Why I Chose My Journey to Angular

Tharmi Vijayakumaran
4 min readOct 24, 2020

Routing(Part 2)

Episode 6

In our previous tutorial we learned fundamental concepts in Routing. In this tutorial we are going to learn Routing in depth.

Hey What is <router-outlet> ??

Is there only one <router-outlet> exists on your angular application??

A <router-outlet> directive acts as a placeholder that Angular dynamically fills based on the current router state. When the user use the application and routes to another component, then the component’s template will be displayed within the routerOutlet.

So.. I am asking you, if you want to display more than one template in a page then, how can you do that? Here our child routes come into play. When a primary routerOutlet is displaying, the child routes component template displayed in the inner component routerOutlet in the same page. So our answer is revealed, there can be more than one routerOutlet.

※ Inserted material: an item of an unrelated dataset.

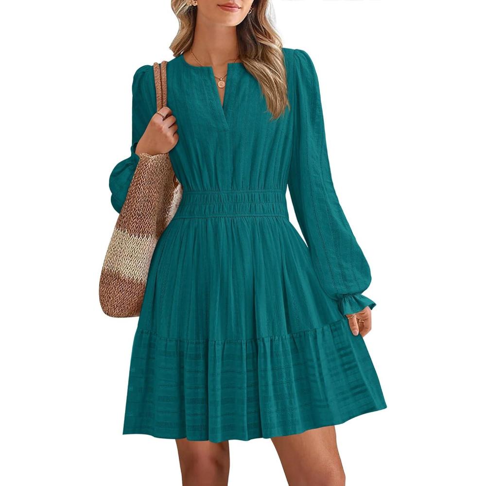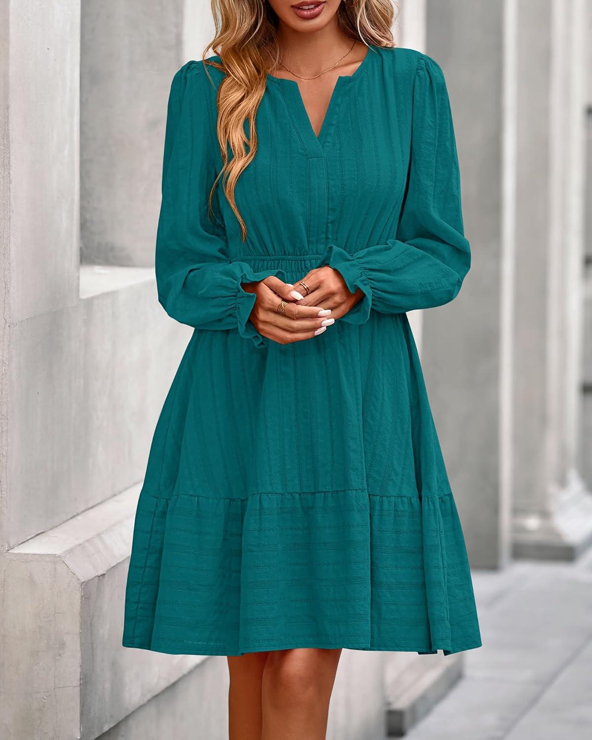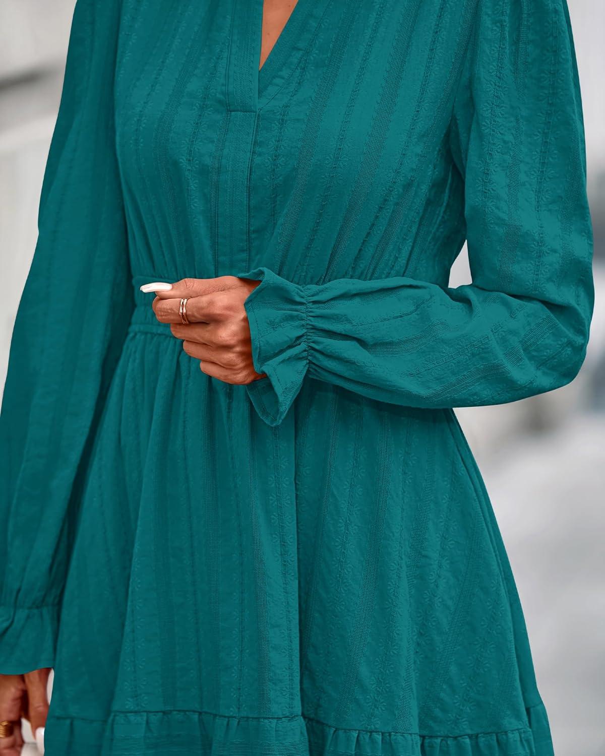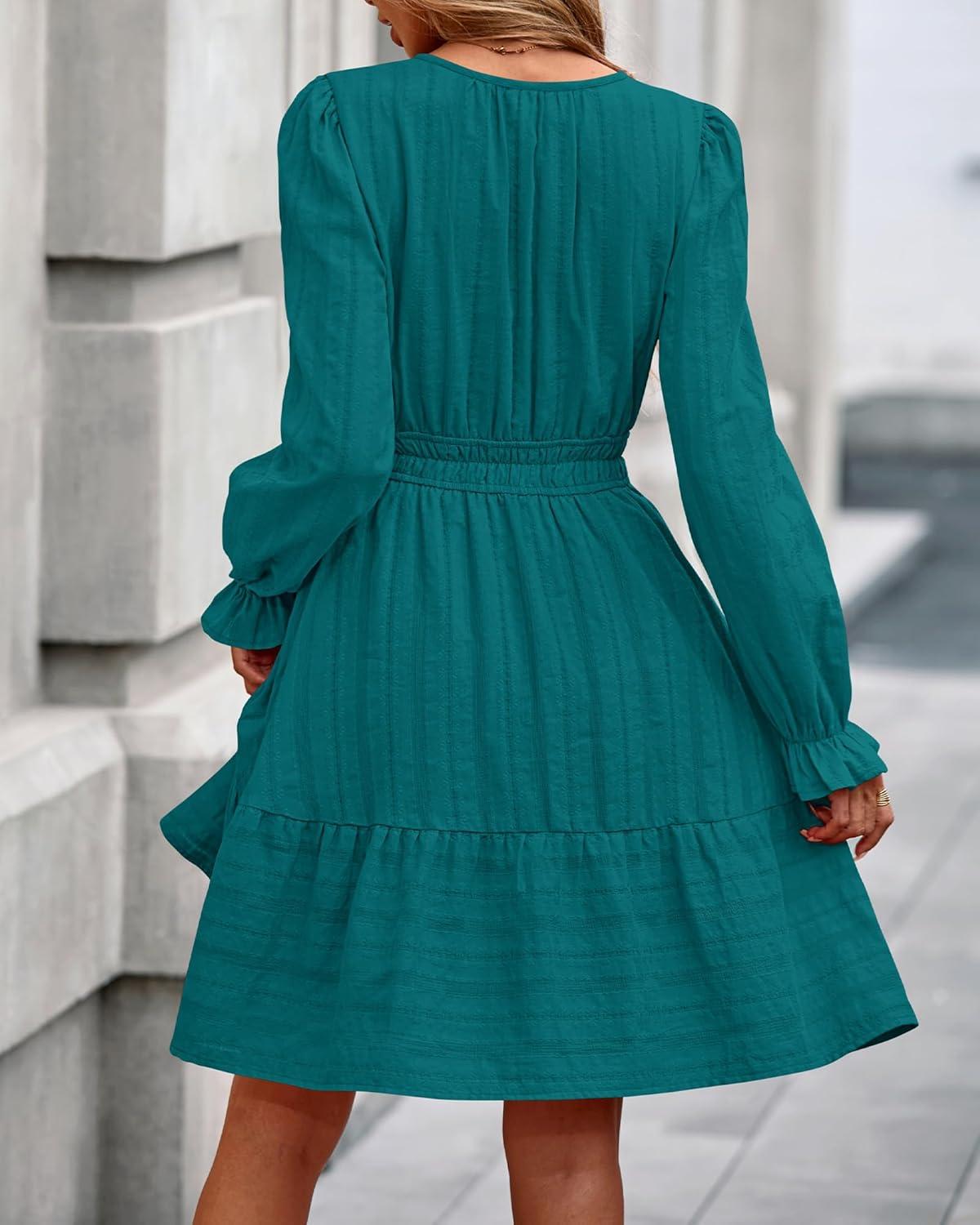 BTFBM Mini Dresses for Women 2025 Casual Lightweight Long Sleeve V Neck A Line Elastic Waist Party Holiday Dress(Malachite Green)

Ok… We have been learning about routing from previous tutorial, we know how important routing is. So how do you protect your routes. If you allow routes to access to anybody without any restriction, it won’t be a secure application. So what shall we do?

We have to guard our routes. Some of the instances where guarding route is essential are

  • Only allows to authenticated and authorised user
  • Remind user about unsaved changes, when they try to leave from that route.
  • In a multi part component form, allow the user to navigate from one component to another if only the given data is valid.
  • Fetching data before accessing a route.

Guarding interfaces can be categorised into

  • CanActivate
  • CanActivateChild
  • CanDeactivate
  • CanLoad
  • Resolve

All the routing guards are service class.

CanActivate Guard

CanActivate route can be used to check any criteria that need to be true before navigate to route. For example, ensure prerequisites. It limit the access to route.

To implement canActivate Guard

  1. Create canActivate service
create CanActivate guard

As in the above code snippet, CanActivate guard can be implemented by creating a service class by implementing the CanActivate interface. When implementing this interface, canActivate() will be called and required code will have written and true or false will return. It takes two parameters ActivatedRouteSnapshot which reveals the current route state which is going to be activated and RouterStateSnapshot which provides access to the entire route state. When the return value from the above method is true, the user will allow to navigate to the route else it won’t navigate to the route.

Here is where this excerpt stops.